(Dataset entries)

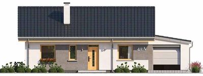 Graficzne opracowanie rzutów poglądowych widocznych na karcie projektu zostało wykonane przez Extradom.pl. Prezentowane przez Extradom.pl wizualizacje wykonane zostały przez autora projektu i należy poczytywać je jedynie za przykład i propozycję wykończenia, wizję architektoniczną autora projektu. Ostateczne wykończenie budynku może nastąpić na wiele sposobów. Szczegółowe rozwiązania zastosowane w oferowanej dokumentacji - w tym również ilość, lokalizacje i wygląd okien, drzwi, kominów - mogą w niewielkim stopniu różnić się od prezentowanej wizualizacji budynku.
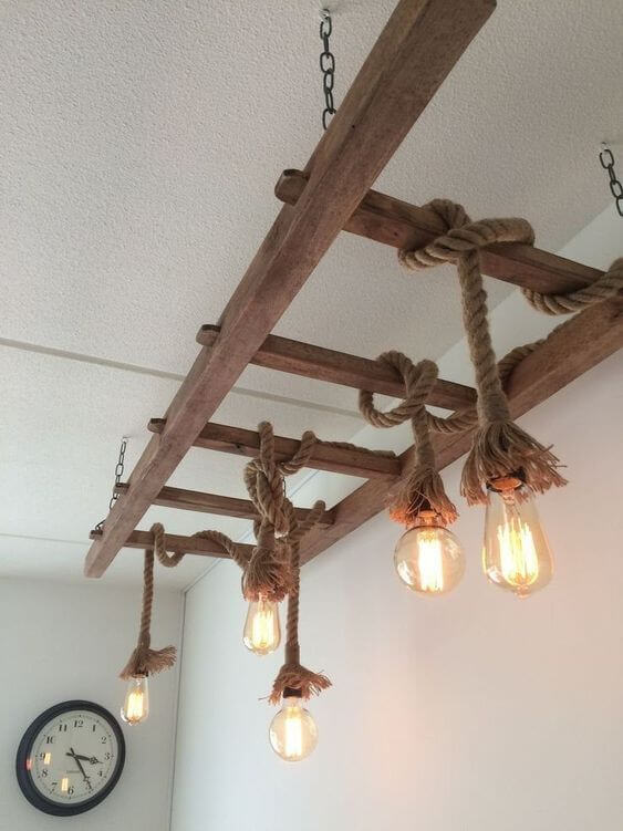This DIY ladder lighting idea brings a magical and rustic touch to any room. A simple wooden ladder is suspended from the ceiling, then adorned with twinkling lights and natural branches to create a whimsical, nature-inspired chandelier.
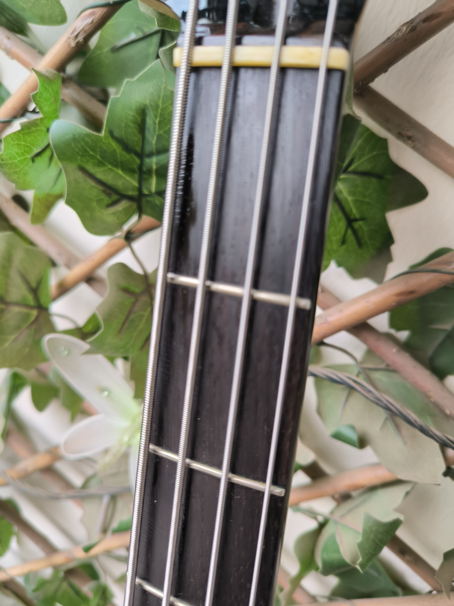 Algún roce y signo de uso propio de haber sido tocado, pero nada de importancia, cuerdas nuevas 45-100 recién puestas.
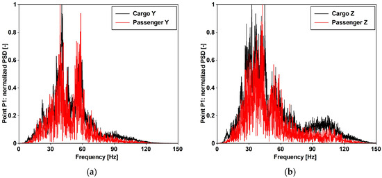 A comparison of the frequency domain characteristics for cargo and passenger trains with a velocity of 30 [km/h] for: (a) horizontal and (b) vertical direction.
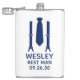 Denna plaska är perfekt för den bästa mannen. Om alla i din bröllopsfest kommer att ha kostym, skulle denna design med hängslen och en blå slips vara perfekt för alla. Ledig men ändå formell. De skulle vara bra för en svensexa eller helg. Titeln kan ändras till brudgum, brudgummens vän, platsanvisare, etc.
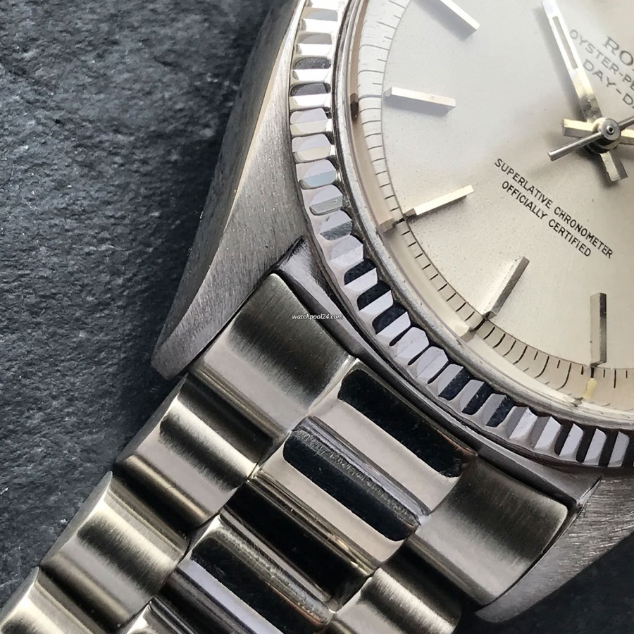 The Oyster case has a thick profile with sharp edges. The lugs show the original brushed surface. Also the white gold fluted bezel has been greatly preserved. This watch is accompanied by the white gold President bracelet. It has been very well preserved and has the early and rare Rolex folding clasp. This Day-Date is powered by the highly reliable 1556 automatic caliber.
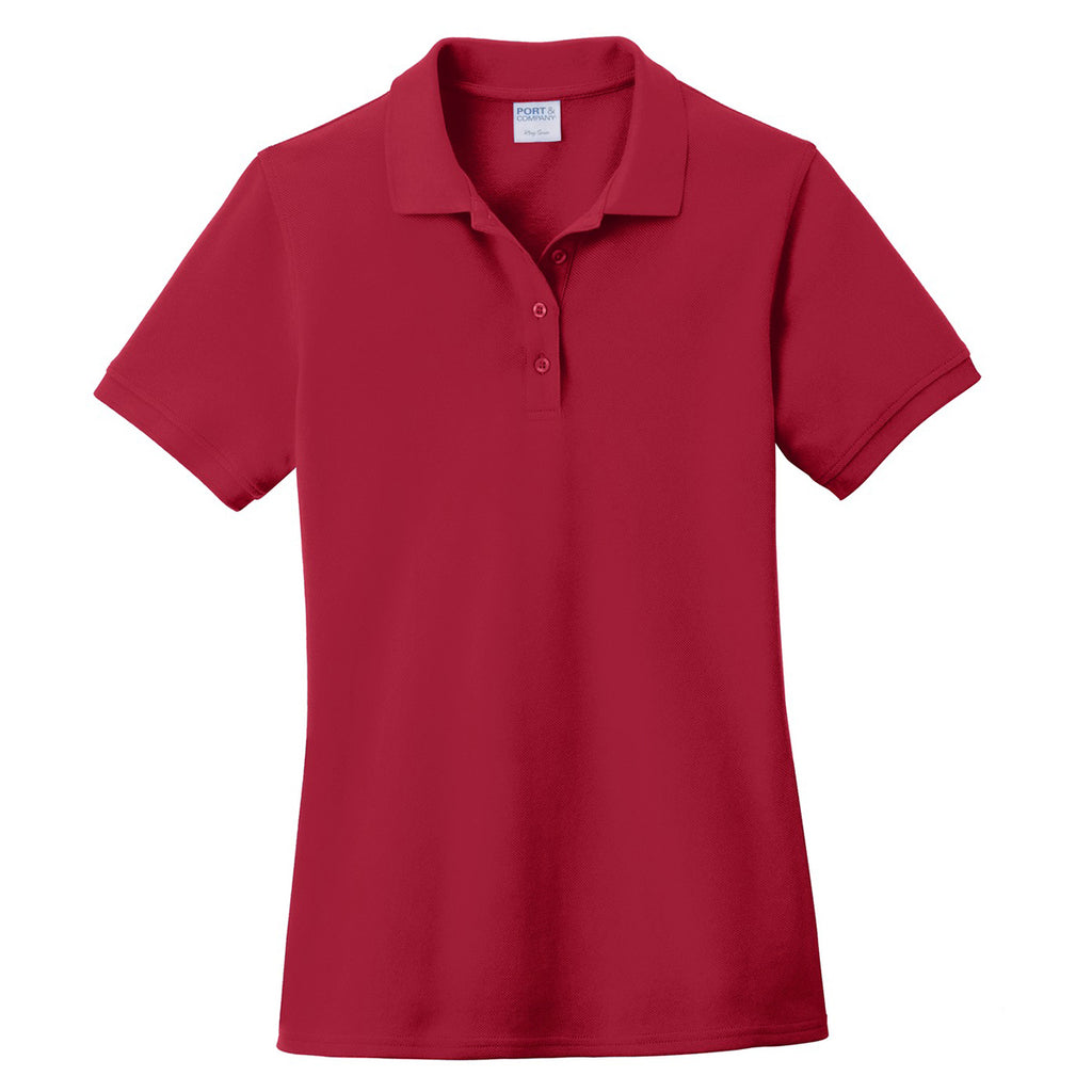 With a built-in resistance to shrinkage, the logoed Port & Company Women's Red Ring Spun Pique Polo contains 100% super soft ring spun cotton to keep you comfortable throughout the day. The stain release finish ensures you feel and look as fresh at the end of the day as you did when you put the pique polo on first thing in the morning. Rib knit collar and cuffs create a visually appealing look that makes you stand out at the next industry trade show. Attach your corporate logo to the large imprint area to promote your company at civic and professional networking events.Corresponding Men's Style: Port & Company Men's Red Ring Spun Pique Polo

Problem to work on: In the copy, include every entry above exactly and leave out each picture.

Response to this exercise:
 Graficzne opracowanie rzutów poglądowych widocznych na karcie projektu zostało wykonane przez Extradom.pl. Prezentowane przez Extradom.pl wizualizacje wykonane zostały przez autora projektu i należy poczytywać je jedynie za przykład i propozycję wykończenia, wizję architektoniczną autora projektu. Ostateczne wykończenie budynku może nastąpić na wiele sposobów. Szczegółowe rozwiązania zastosowane w oferowanej dokumentacji - w tym również ilość, lokalizacje i wygląd okien, drzwi, kominów - mogą w niewielkim stopniu różnić się od prezentowanej wizualizacji budynku.
This DIY ladder lighting idea brings a magical and rustic touch to any room. A simple wooden ladder is suspended from the ceiling, then adorned with twinkling lights and natural branches to create a whimsical, nature-inspired chandelier.
 Algún roce y signo de uso propio de haber sido tocado, pero nada de importancia, cuerdas nuevas 45-100 recién puestas.
 A comparison of the frequency domain characteristics for cargo and passenger trains with a velocity of 30 [km/h] for: (a) horizontal and (b) vertical direction.
 Denna plaska är perfekt för den bästa mannen. Om alla i din bröllopsfest kommer att ha kostym, skulle denna design med hängslen och en blå slips vara perfekt för alla. Ledig men ändå formell. De skulle vara bra för en svensexa eller helg. Titeln kan ändras till brudgum, brudgummens vän, platsanvisare, etc.
 The Oyster case has a thick profile with sharp edges. The lugs show the original brushed surface. Also the white gold fluted bezel has been greatly preserved. This watch is accompanied by the white gold President bracelet. It has been very well preserved and has the early and rare Rolex folding clasp. This Day-Date is powered by the highly reliable 1556 automatic caliber.
 With a built-in resistance to shrinkage, the logoed Port & Company Women's Red Ring Spun Pique Polo contains 100% super soft ring spun cotton to keep you comfortable throughout the day. The stain release finish ensures you feel and look as fresh at the end of the day as you did when you put the pique polo on first thing in the morning. Rib knit collar and cuffs create a visually appealing look that makes you stand out at the next industry trade show. Attach your corporate logo to the large imprint area to promote your company at civic and professional networking events.Corresponding Men's Style: Port & Company Men's Red Ring Spun Pique Polo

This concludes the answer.